Your objective. Reproduce only this stretch of the listing below: from the line with "PEUGEOT 309 II" through the line with "This party hat", exactly as written, with pictures excluded.

Exercise materials.
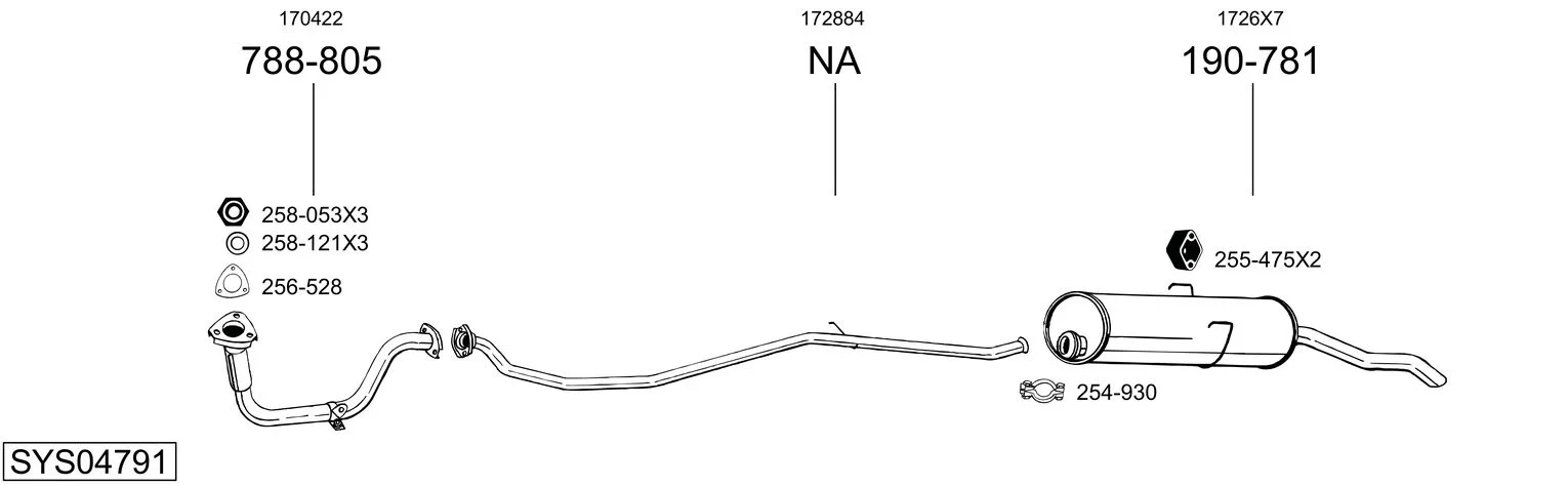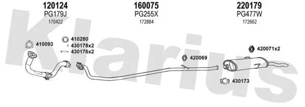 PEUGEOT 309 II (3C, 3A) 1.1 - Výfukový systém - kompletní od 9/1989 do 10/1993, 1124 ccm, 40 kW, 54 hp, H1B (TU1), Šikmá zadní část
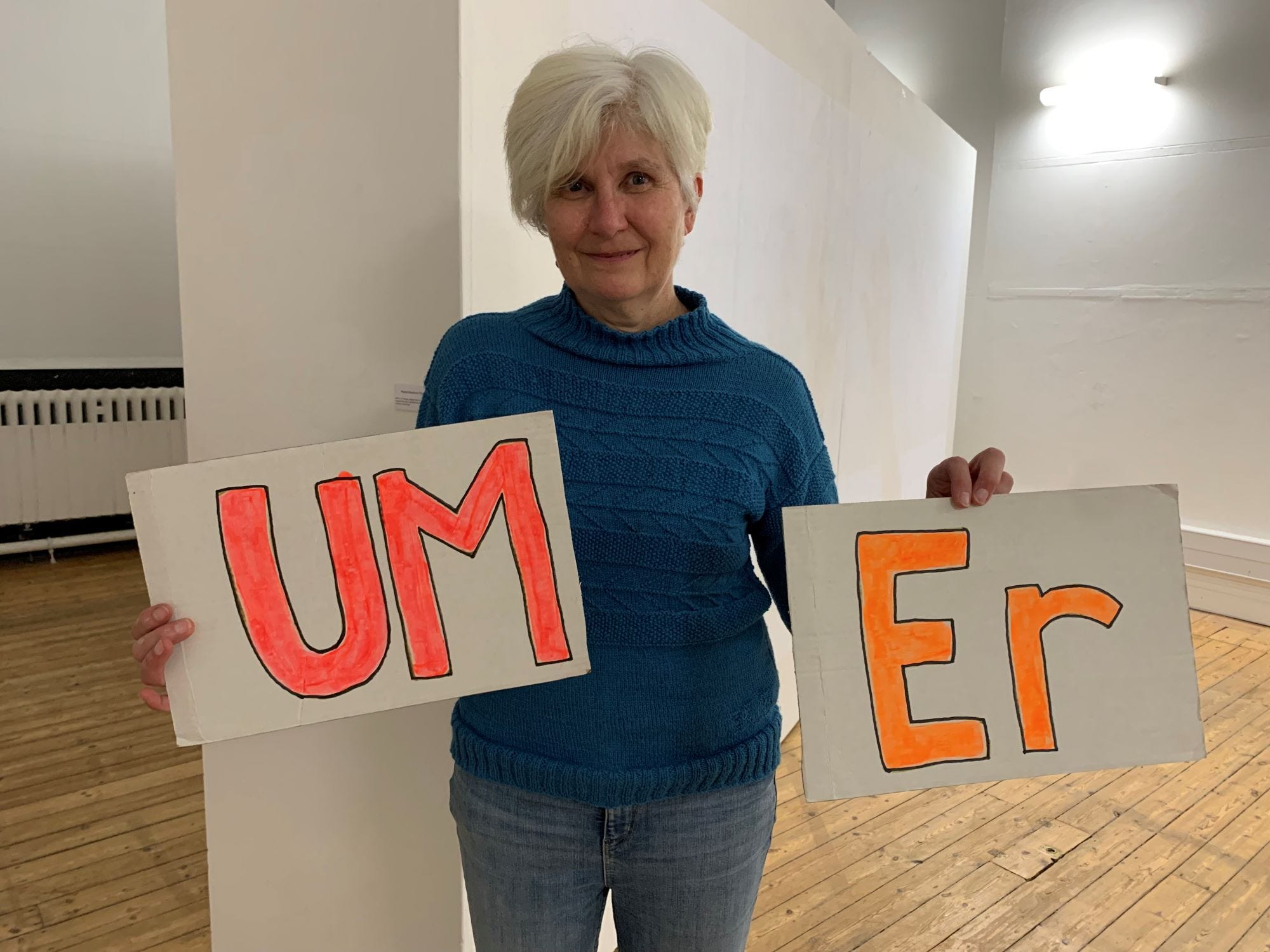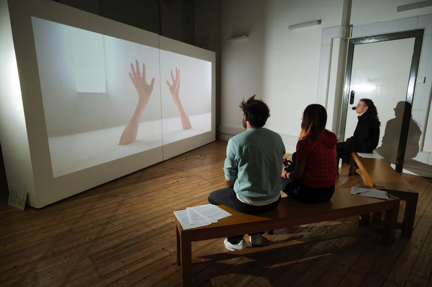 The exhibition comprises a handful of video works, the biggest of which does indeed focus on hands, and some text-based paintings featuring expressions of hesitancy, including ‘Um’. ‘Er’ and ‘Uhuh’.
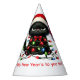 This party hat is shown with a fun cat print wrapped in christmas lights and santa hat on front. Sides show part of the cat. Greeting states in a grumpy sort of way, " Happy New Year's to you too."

* * *

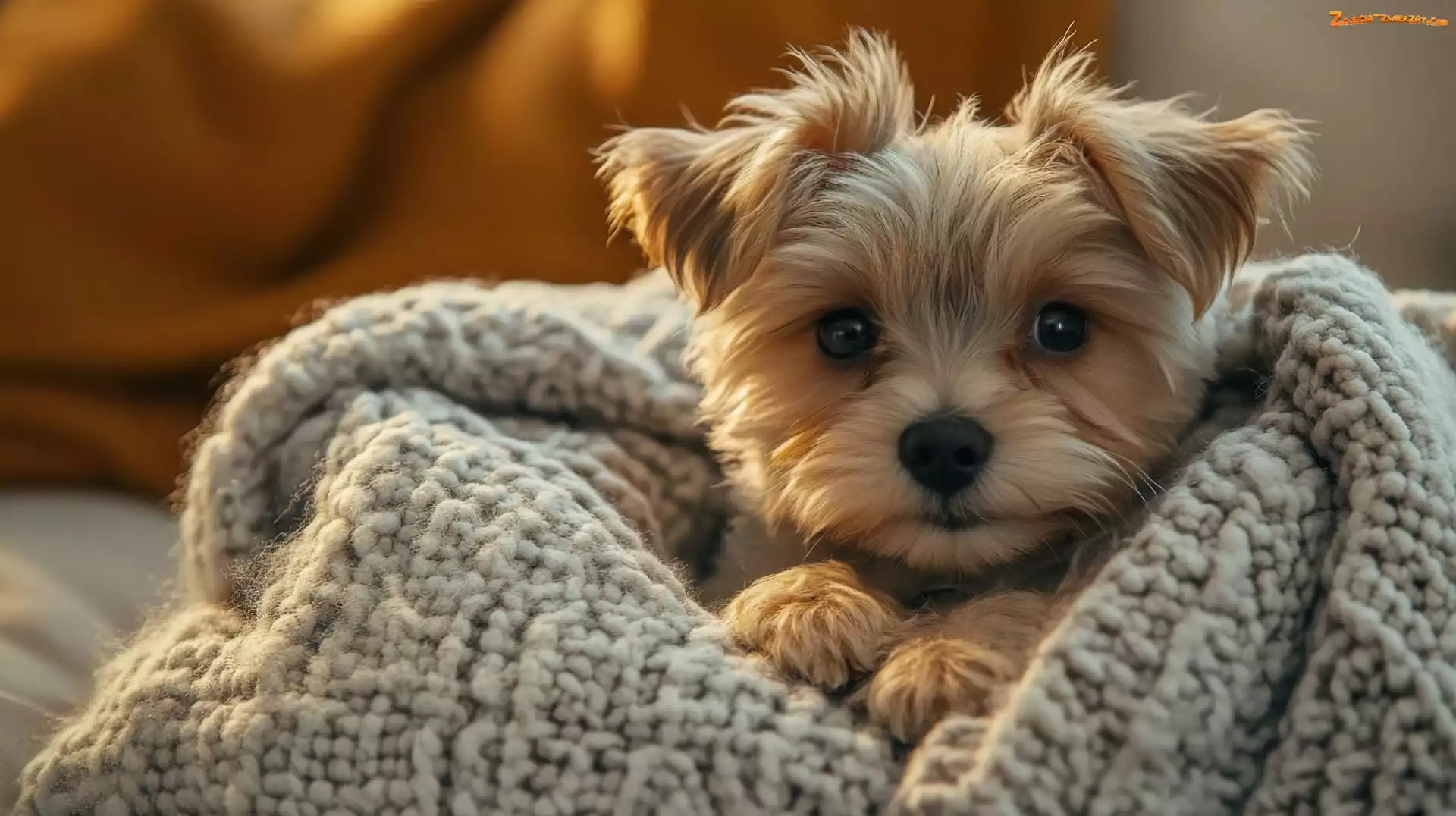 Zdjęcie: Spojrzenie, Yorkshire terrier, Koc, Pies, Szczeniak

Result of the task.
 PEUGEOT 309 II (3C, 3A) 1.1 - Výfukový systém - kompletní od 9/1989 do 10/1993, 1124 ccm, 40 kW, 54 hp, H1B (TU1), Šikmá zadní část
 The exhibition comprises a handful of video works, the biggest of which does indeed focus on hands, and some text-based paintings featuring expressions of hesitancy, including ‘Um’. ‘Er’ and ‘Uhuh’.
 This party hat is shown with a fun cat print wrapped in christmas lights and santa hat on front. Sides show part of the cat. Greeting states in a grumpy sort of way, " Happy New Year's to you too."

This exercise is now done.